(Collection entries)
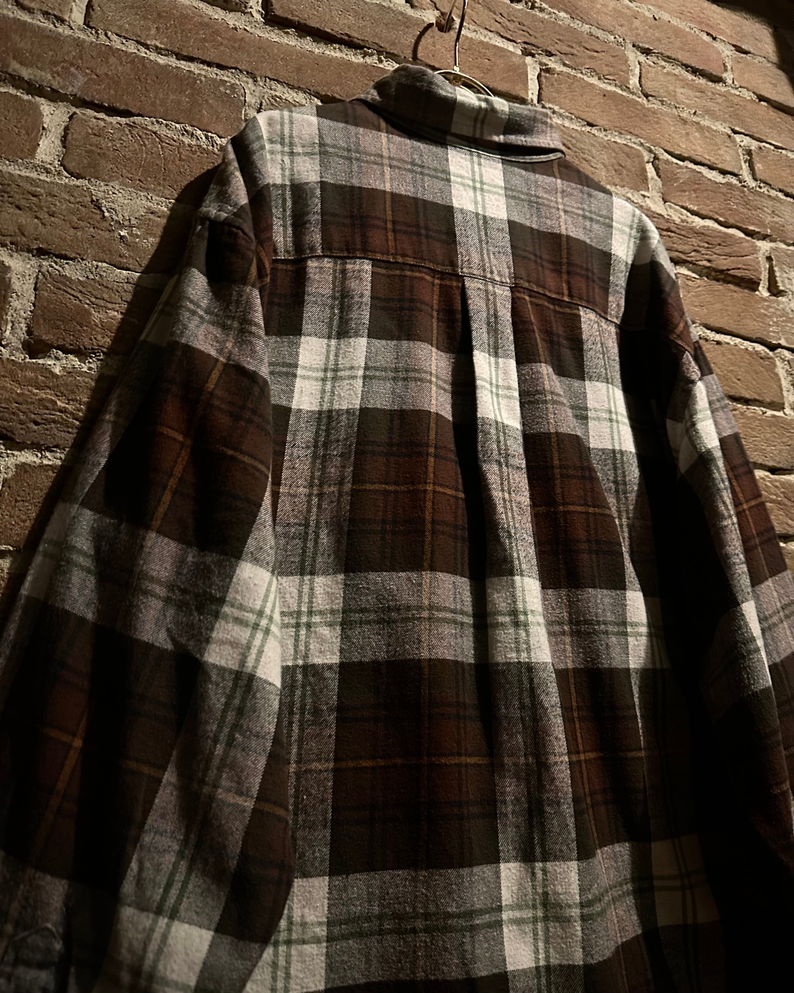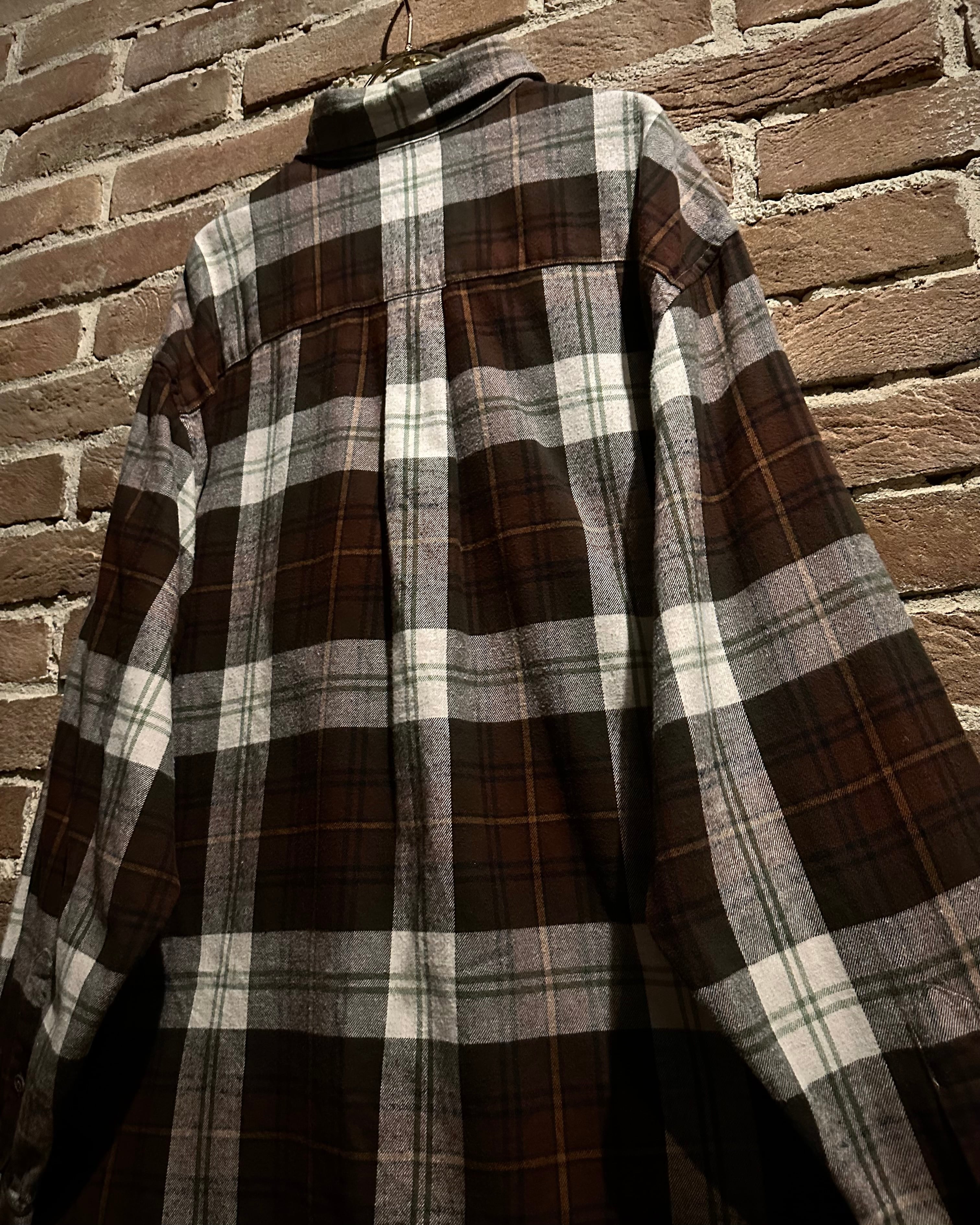 ネルシャツの無骨さに、ブランドらしいクラシックな空気感が掛け合わさった逸品。日常使いに馴染む気軽さを持ちながらも、ディテールやデザインで他と差をつけられる、古着好きにはたまらない1着です。
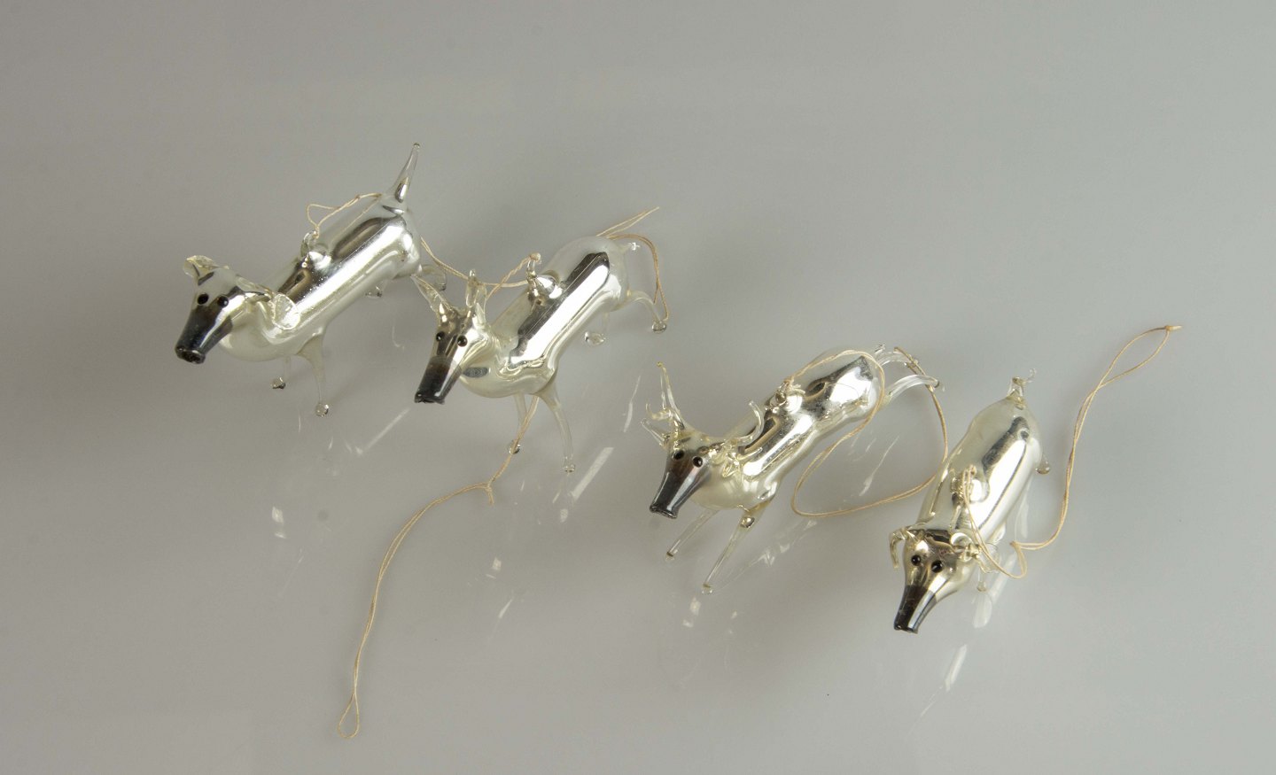 Fire gamle juleophæng i glas med motiv af gris, to hunde og et rensdyr
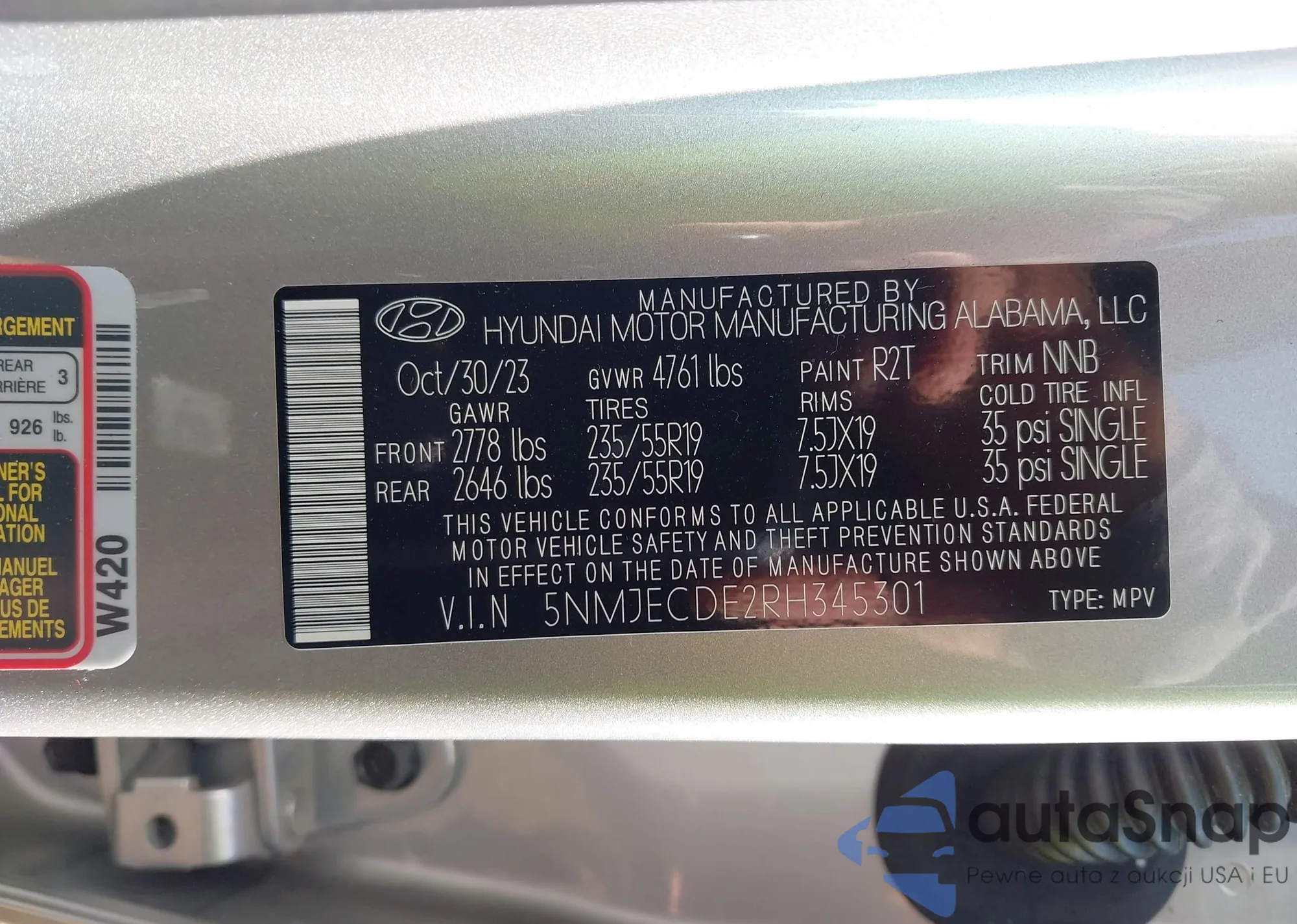• VIN 5NMJECDE2RH345301
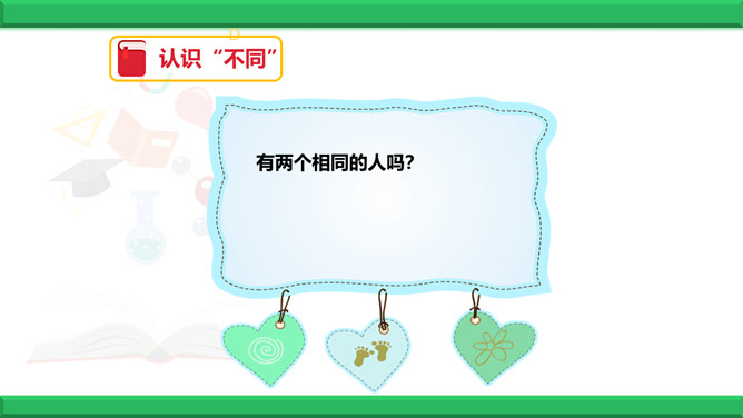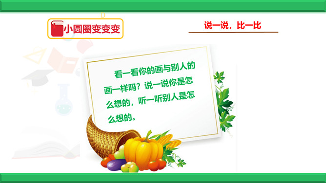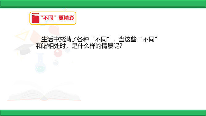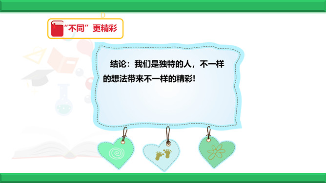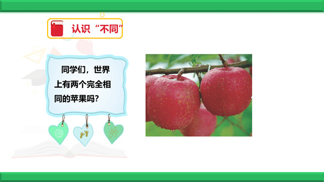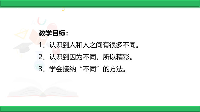教学目标:1、认识到人和人之间有很多不同。2、认识到因为不同,所以精彩。3、学会接纳“不同”的方法。同学们,世界上有两个完全相同的苹果吗?有两个相同的人吗?同学们有很多相同点,可在长相、性格、爱好、特长等又有很多不同。下面有一幅画,这幅画中的圆圈可能是什么呢?发挥你的想象力,把画儿画完。看一看你的画与别人的画一样吗?说一说你是怎么想的,听一听别人是怎么想的。结论:我们是独特的人,不一样的想法带来不一样的精彩!生活中充满了各种“不同”,当这些“不同”和谐相处时,是什么样的情景呢?所属专题:不一样的你我他ppt。
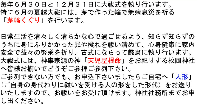 平成24年度 夏越大祓のご案内
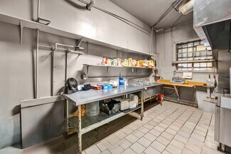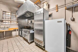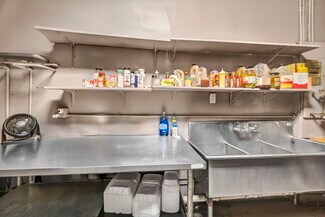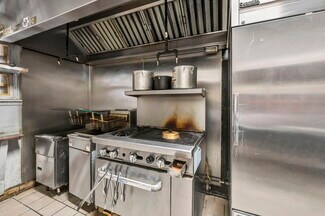 • Operational Commercial Kitchen – Outfitted with gas stove, hood, deep fryers, refrigeration, prep/storage areas.
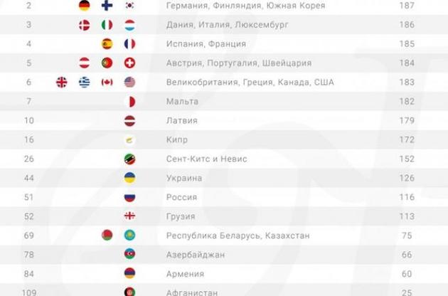 Тройку лидеров в последнем рейтинге замыкают Дания, Италия и Люксембург (186 стран).
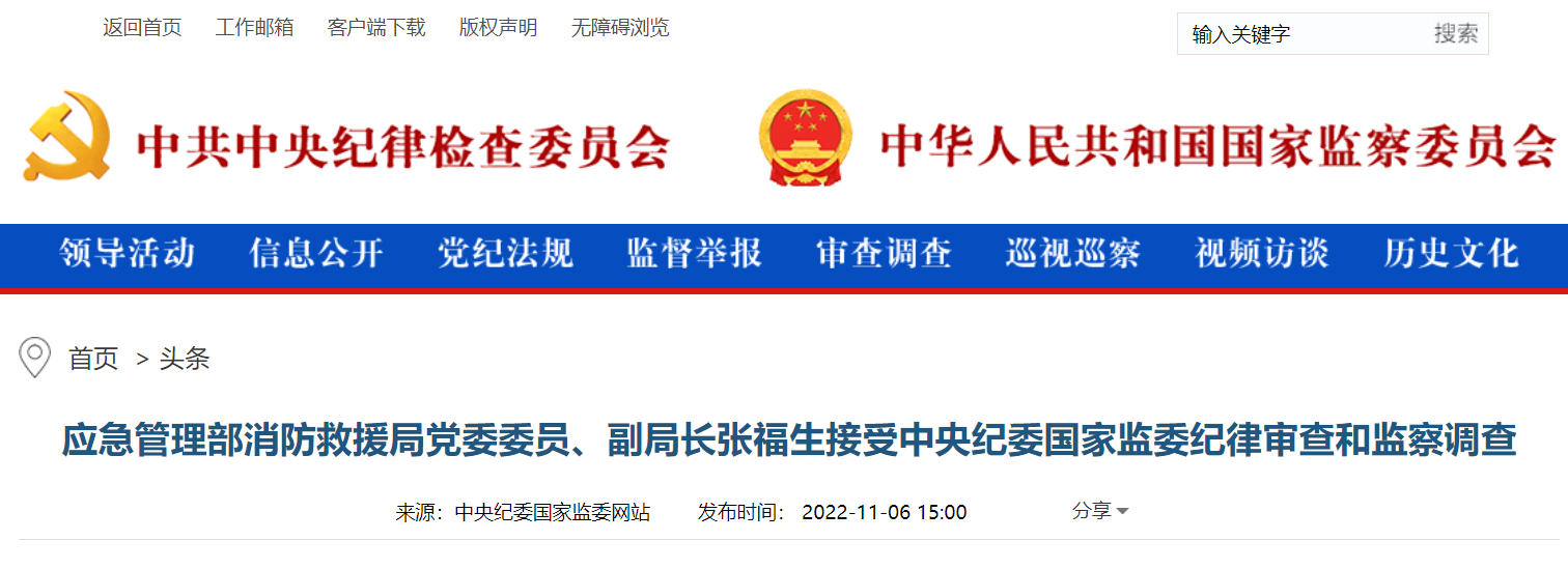 应急管理部消防救援局党委委员、副局长张福生被查 2022-11-06中央纪委国家监委网站 中央纪委国家监委网站讯 应急管理部消防救援局党委委员、副局长张福生涉嫌严重违纪违法,目前正接受中央纪委国家监委纪律审查和监察调查。 编辑:郭同欢

**ASSIGNED TASK:**
Each line from the start of the entries through the line with "教学目标:1、认识到人和人之" is to be restated exactly, and the pictures are to be skipped.

**RESULT OF THIS TASK:**
 ネルシャツの無骨さに、ブランドらしいクラシックな空気感が掛け合わさった逸品。日常使いに馴染む気軽さを持ちながらも、ディテールやデザインで他と差をつけられる、古着好きにはたまらない1着です。
 Fire gamle juleophæng i glas med motiv af gris, to hunde og et rensdyr
• VIN 5NMJECDE2RH345301
教学目标:1、认识到人和人之间有很多不同。2、认识到因为不同,所以精彩。3、学会接纳“不同”的方法。同学们,世界上有两个完全相同的苹果吗?有两个相同的人吗?同学们有很多相同点,可在长相、性格、爱好、特长等又有很多不同。下面有一幅画,这幅画中的圆圈可能是什么呢?发挥你的想象力,把画儿画完。看一看你的画与别人的画一样吗?说一说你是怎么想的,听一听别人是怎么想的。结论:我们是独特的人,不一样的想法带来不一样的精彩!生活中充满了各种“不同”,当这些“不同”和谐相处时,是什么样的情景呢?所属专题:不一样的你我他ppt。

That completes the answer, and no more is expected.